**How to complete this task**
All the data that follows should be repeated exactly, without a single picture.

---- Material for the task

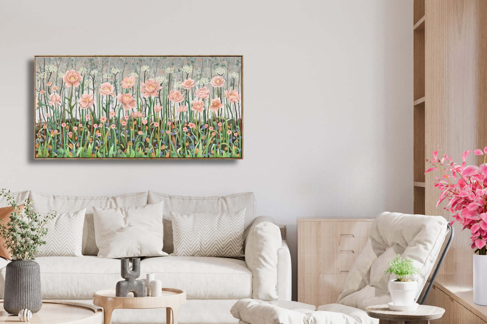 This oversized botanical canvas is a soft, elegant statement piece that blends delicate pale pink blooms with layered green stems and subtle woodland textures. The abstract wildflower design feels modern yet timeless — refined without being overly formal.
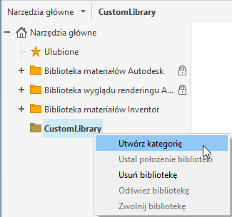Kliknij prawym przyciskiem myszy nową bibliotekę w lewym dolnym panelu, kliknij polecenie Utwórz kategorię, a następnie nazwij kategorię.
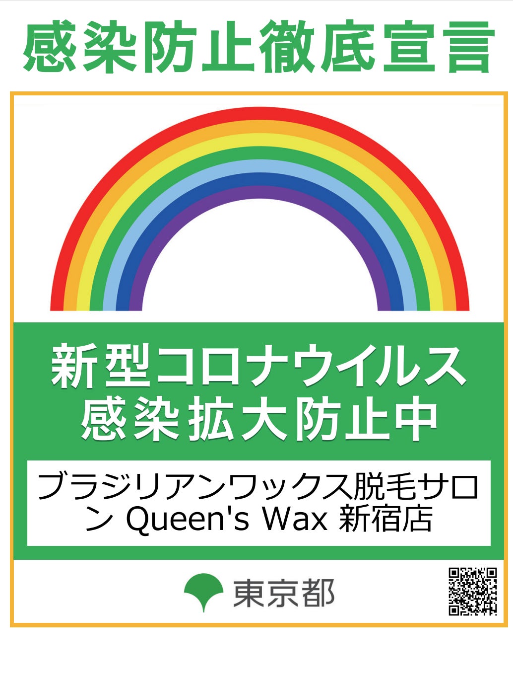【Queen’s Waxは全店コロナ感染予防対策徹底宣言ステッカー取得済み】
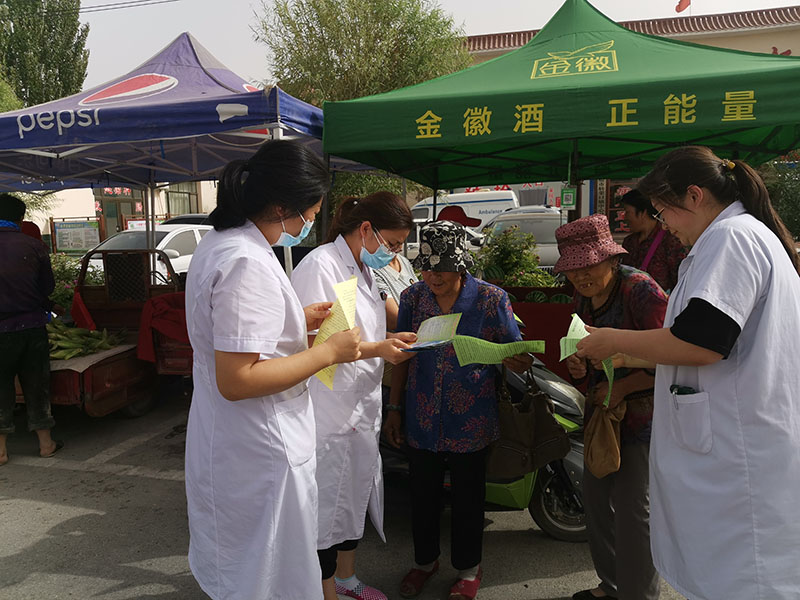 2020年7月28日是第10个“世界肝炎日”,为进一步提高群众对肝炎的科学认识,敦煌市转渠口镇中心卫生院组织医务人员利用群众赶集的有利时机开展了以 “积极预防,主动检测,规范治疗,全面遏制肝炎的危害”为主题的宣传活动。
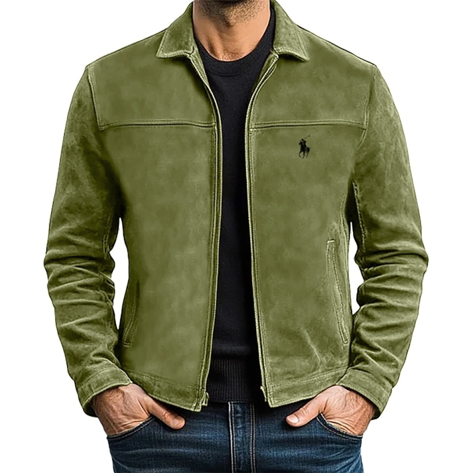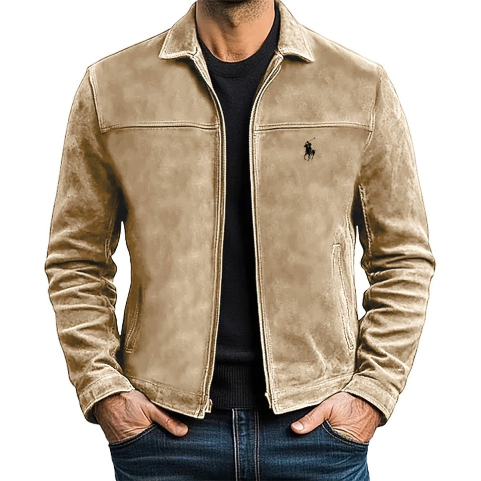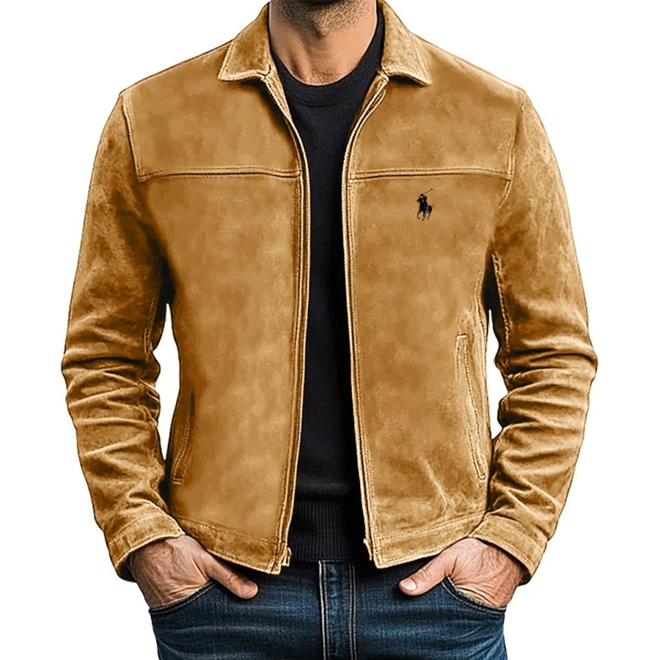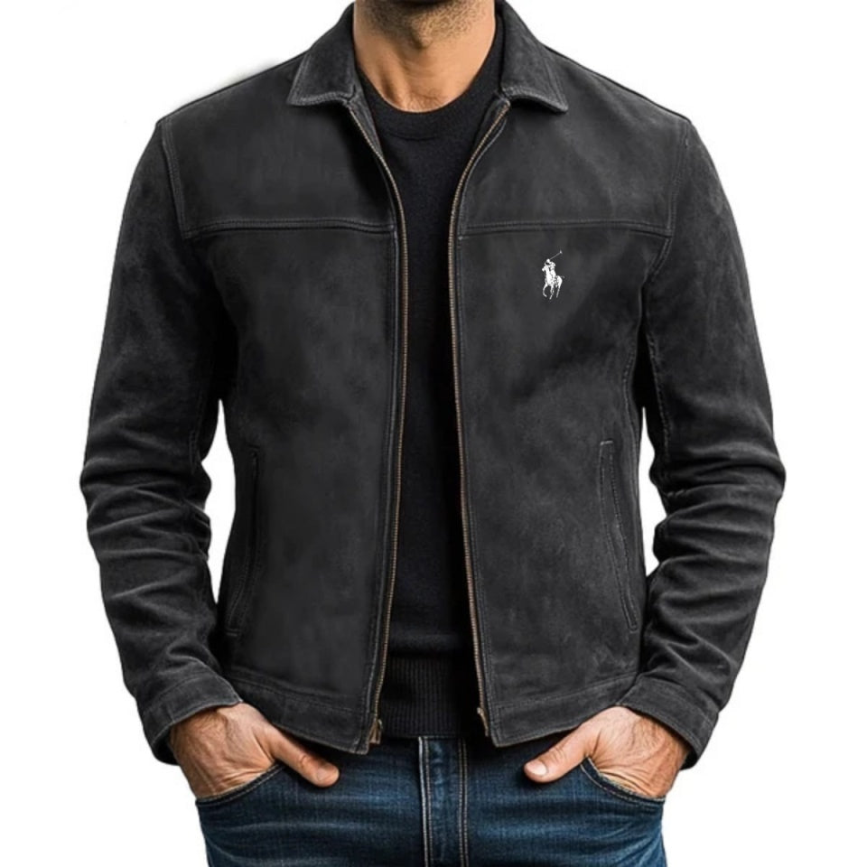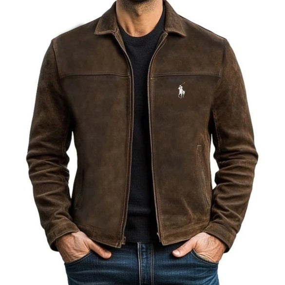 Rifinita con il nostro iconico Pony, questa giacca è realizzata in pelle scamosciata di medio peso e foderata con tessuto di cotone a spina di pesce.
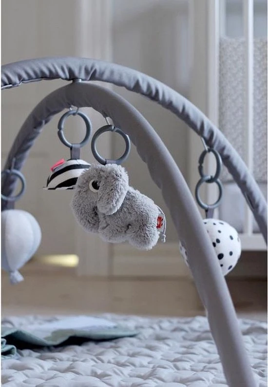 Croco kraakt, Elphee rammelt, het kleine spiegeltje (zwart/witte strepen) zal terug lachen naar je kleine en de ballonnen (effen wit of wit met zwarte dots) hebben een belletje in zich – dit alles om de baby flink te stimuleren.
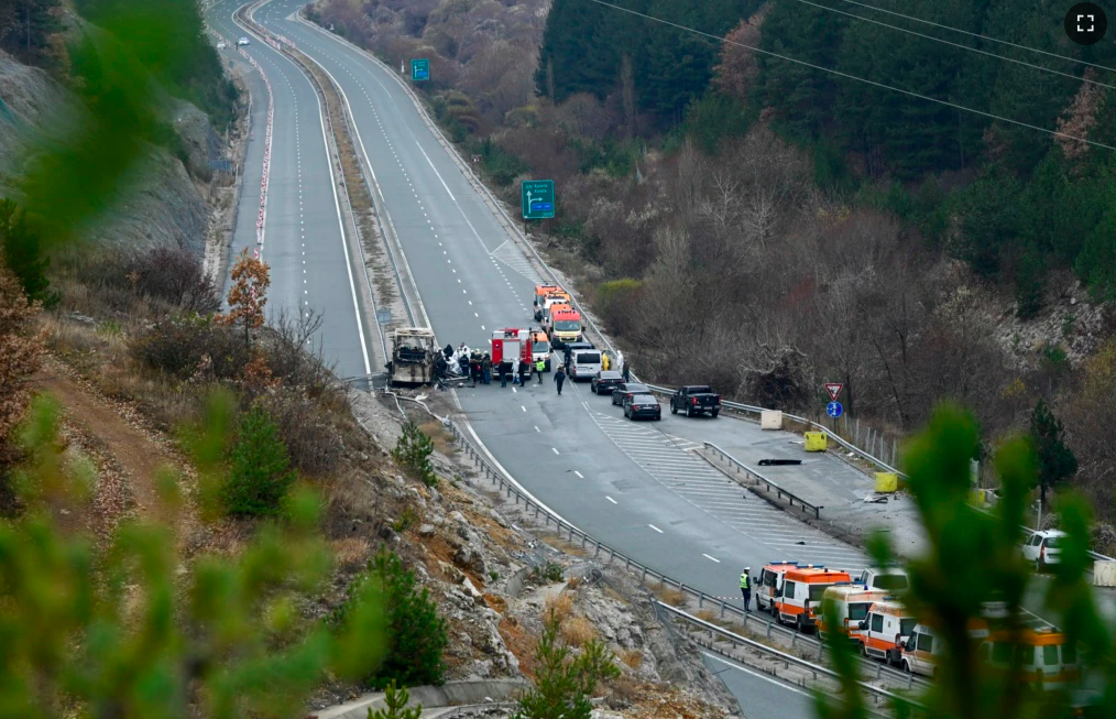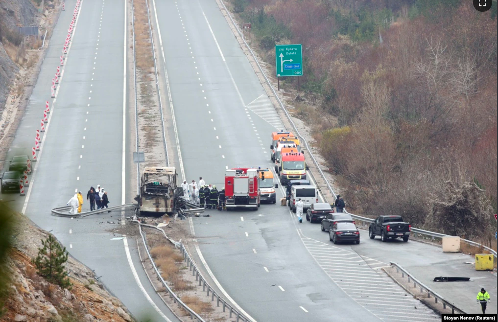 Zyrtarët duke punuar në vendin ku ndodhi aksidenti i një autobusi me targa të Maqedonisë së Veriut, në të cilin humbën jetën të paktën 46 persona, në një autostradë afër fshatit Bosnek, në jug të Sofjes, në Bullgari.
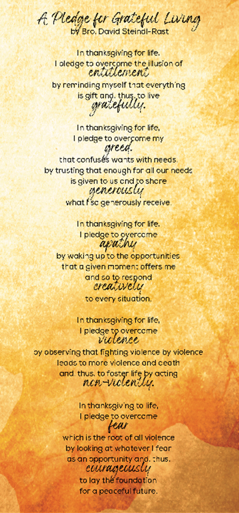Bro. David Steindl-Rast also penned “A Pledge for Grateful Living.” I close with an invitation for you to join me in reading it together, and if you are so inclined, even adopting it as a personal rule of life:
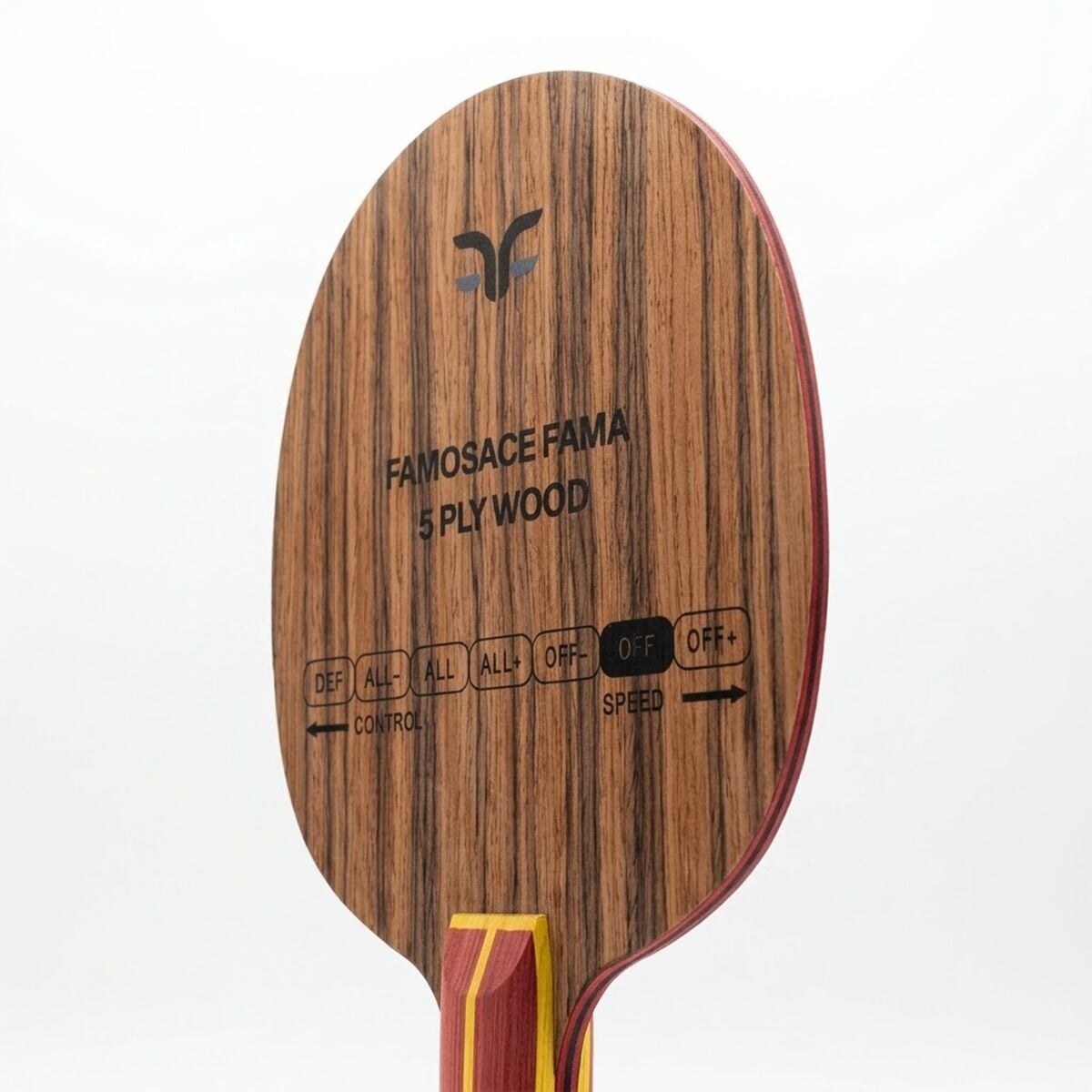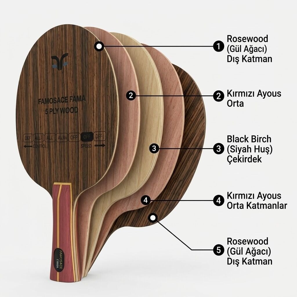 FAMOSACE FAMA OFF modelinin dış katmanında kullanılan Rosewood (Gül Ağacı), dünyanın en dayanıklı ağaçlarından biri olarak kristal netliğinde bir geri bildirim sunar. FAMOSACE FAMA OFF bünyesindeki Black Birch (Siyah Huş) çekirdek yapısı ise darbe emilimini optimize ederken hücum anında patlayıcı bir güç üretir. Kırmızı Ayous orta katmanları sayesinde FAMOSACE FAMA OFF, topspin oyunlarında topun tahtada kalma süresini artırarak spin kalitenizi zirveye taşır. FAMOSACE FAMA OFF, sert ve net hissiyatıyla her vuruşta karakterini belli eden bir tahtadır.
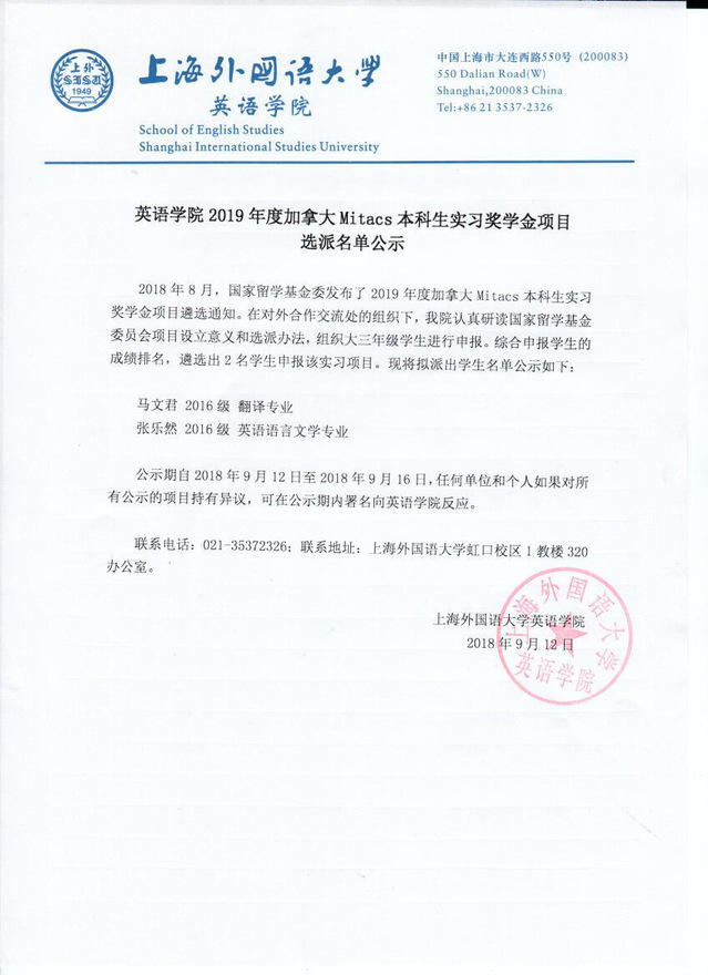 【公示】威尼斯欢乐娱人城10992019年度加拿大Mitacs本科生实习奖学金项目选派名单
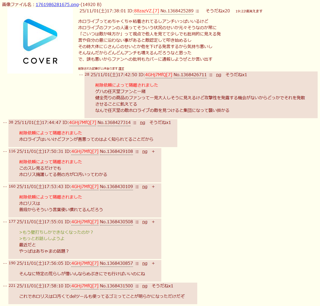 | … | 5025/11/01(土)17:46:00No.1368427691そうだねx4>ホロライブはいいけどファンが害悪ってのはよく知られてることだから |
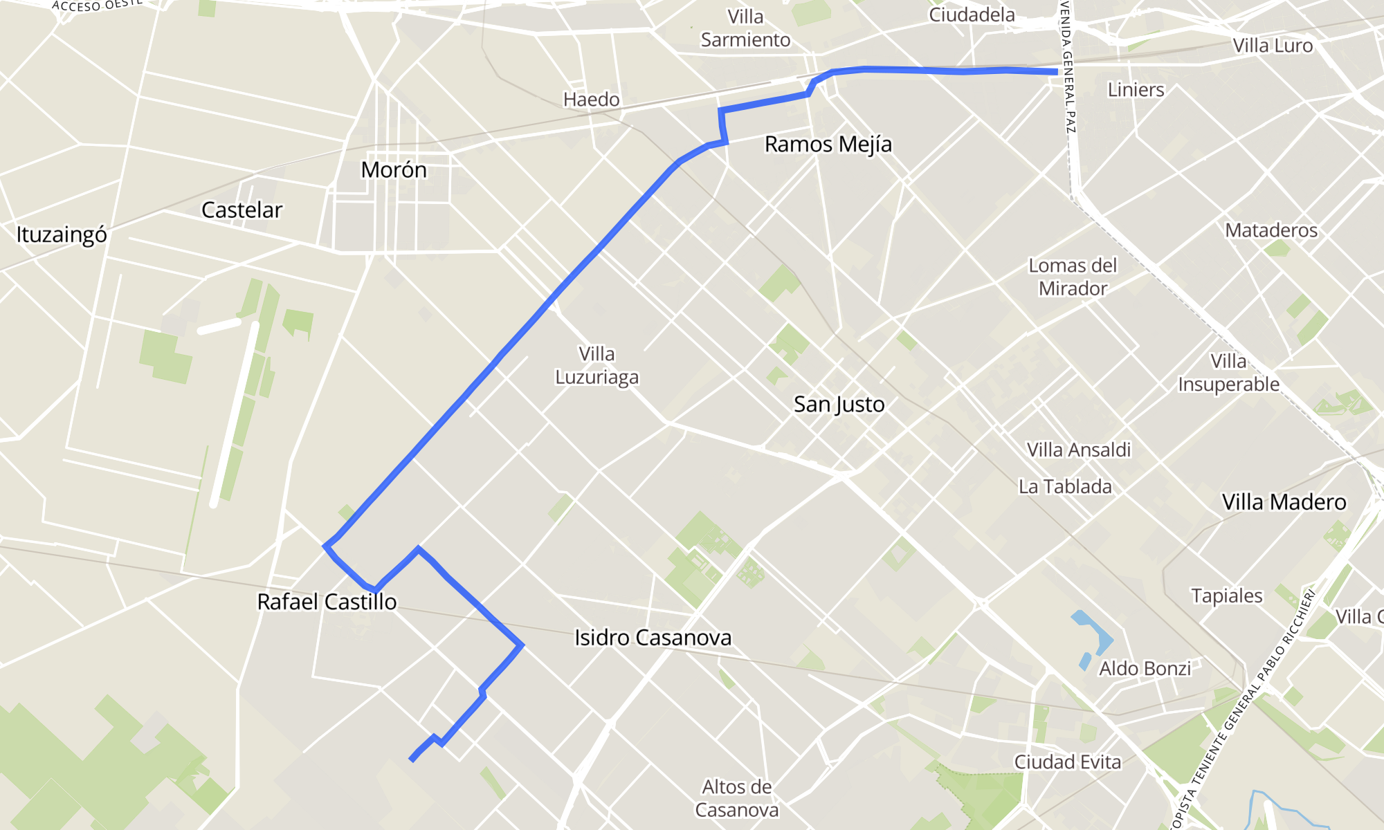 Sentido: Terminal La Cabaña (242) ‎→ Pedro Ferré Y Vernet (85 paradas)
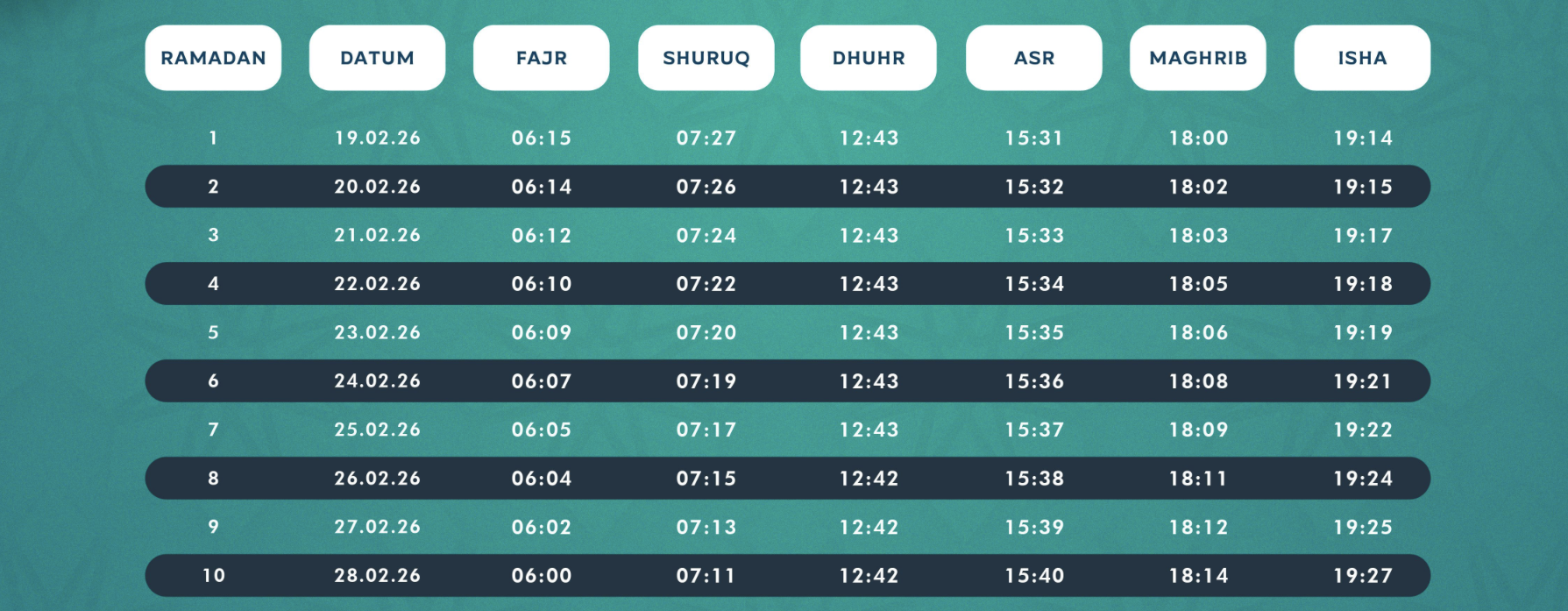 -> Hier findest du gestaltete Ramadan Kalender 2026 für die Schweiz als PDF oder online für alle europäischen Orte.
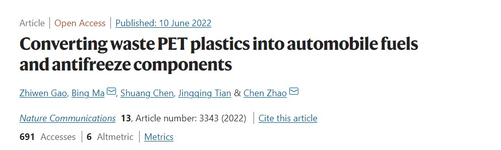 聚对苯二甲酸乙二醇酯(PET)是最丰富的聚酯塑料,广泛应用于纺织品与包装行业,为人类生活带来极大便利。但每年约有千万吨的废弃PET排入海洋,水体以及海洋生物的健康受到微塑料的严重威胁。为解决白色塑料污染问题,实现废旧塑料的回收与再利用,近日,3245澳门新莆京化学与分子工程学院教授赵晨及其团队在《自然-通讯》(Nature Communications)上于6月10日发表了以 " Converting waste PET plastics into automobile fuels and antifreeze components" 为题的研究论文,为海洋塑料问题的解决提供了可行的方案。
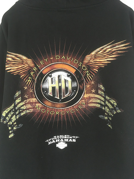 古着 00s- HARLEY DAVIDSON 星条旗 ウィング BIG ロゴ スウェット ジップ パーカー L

--------

**Finished exercise**
 This oversized botanical canvas is a soft, elegant statement piece that blends delicate pale pink blooms with layered green stems and subtle woodland textures. The abstract wildflower design feels modern yet timeless — refined without being overly formal.
Kliknij prawym przyciskiem myszy nową bibliotekę w lewym dolnym panelu, kliknij polecenie Utwórz kategorię, a następnie nazwij kategorię.
【Queen’s Waxは全店コロナ感染予防対策徹底宣言ステッカー取得済み】
 2020年7月28日是第10个“世界肝炎日”,为进一步提高群众对肝炎的科学认识,敦煌市转渠口镇中心卫生院组织医务人员利用群众赶集的有利时机开展了以 “积极预防,主动检测,规范治疗,全面遏制肝炎的危害”为主题的宣传活动。
 Rifinita con il nostro iconico Pony, questa giacca è realizzata in pelle scamosciata di medio peso e foderata con tessuto di cotone a spina di pesce.
 Croco kraakt, Elphee rammelt, het kleine spiegeltje (zwart/witte strepen) zal terug lachen naar je kleine en de ballonnen (effen wit of wit met zwarte dots) hebben een belletje in zich – dit alles om de baby flink te stimuleren.
 Zyrtarët duke punuar në vendin ku ndodhi aksidenti i një autobusi me targa të Maqedonisë së Veriut, në të cilin humbën jetën të paktën 46 persona, në një autostradë afër fshatit Bosnek, në jug të Sofjes, në Bullgari.
Bro. David Steindl-Rast also penned “A Pledge for Grateful Living.” I close with an invitation for you to join me in reading it together, and if you are so inclined, even adopting it as a personal rule of life:
 FAMOSACE FAMA OFF modelinin dış katmanında kullanılan Rosewood (Gül Ağacı), dünyanın en dayanıklı ağaçlarından biri olarak kristal netliğinde bir geri bildirim sunar. FAMOSACE FAMA OFF bünyesindeki Black Birch (Siyah Huş) çekirdek yapısı ise darbe emilimini optimize ederken hücum anında patlayıcı bir güç üretir. Kırmızı Ayous orta katmanları sayesinde FAMOSACE FAMA OFF, topspin oyunlarında topun tahtada kalma süresini artırarak spin kalitenizi zirveye taşır. FAMOSACE FAMA OFF, sert ve net hissiyatıyla her vuruşta karakterini belli eden bir tahtadır.
 【公示】威尼斯欢乐娱人城10992019年度加拿大Mitacs本科生实习奖学金项目选派名单
 | … | 5025/11/01(土)17:46:00No.1368427691そうだねx4>ホロライブはいいけどファンが害悪ってのはよく知られてることだから |
 Sentido: Terminal La Cabaña (242) ‎→ Pedro Ferré Y Vernet (85 paradas)
 -> Hier findest du gestaltete Ramadan Kalender 2026 für die Schweiz als PDF oder online für alle europäischen Orte.
 聚对苯二甲酸乙二醇酯(PET)是最丰富的聚酯塑料,广泛应用于纺织品与包装行业,为人类生活带来极大便利。但每年约有千万吨的废弃PET排入海洋,水体以及海洋生物的健康受到微塑料的严重威胁。为解决白色塑料污染问题,实现废旧塑料的回收与再利用,近日,3245澳门新莆京化学与分子工程学院教授赵晨及其团队在《自然-通讯》(Nature Communications)上于6月10日发表了以 " Converting waste PET plastics into automobile fuels and antifreeze components" 为题的研究论文,为海洋塑料问题的解决提供了可行的方案。
 古着 00s- HARLEY DAVIDSON 星条旗 ウィング BIG ロゴ スウェット ジップ パーカー L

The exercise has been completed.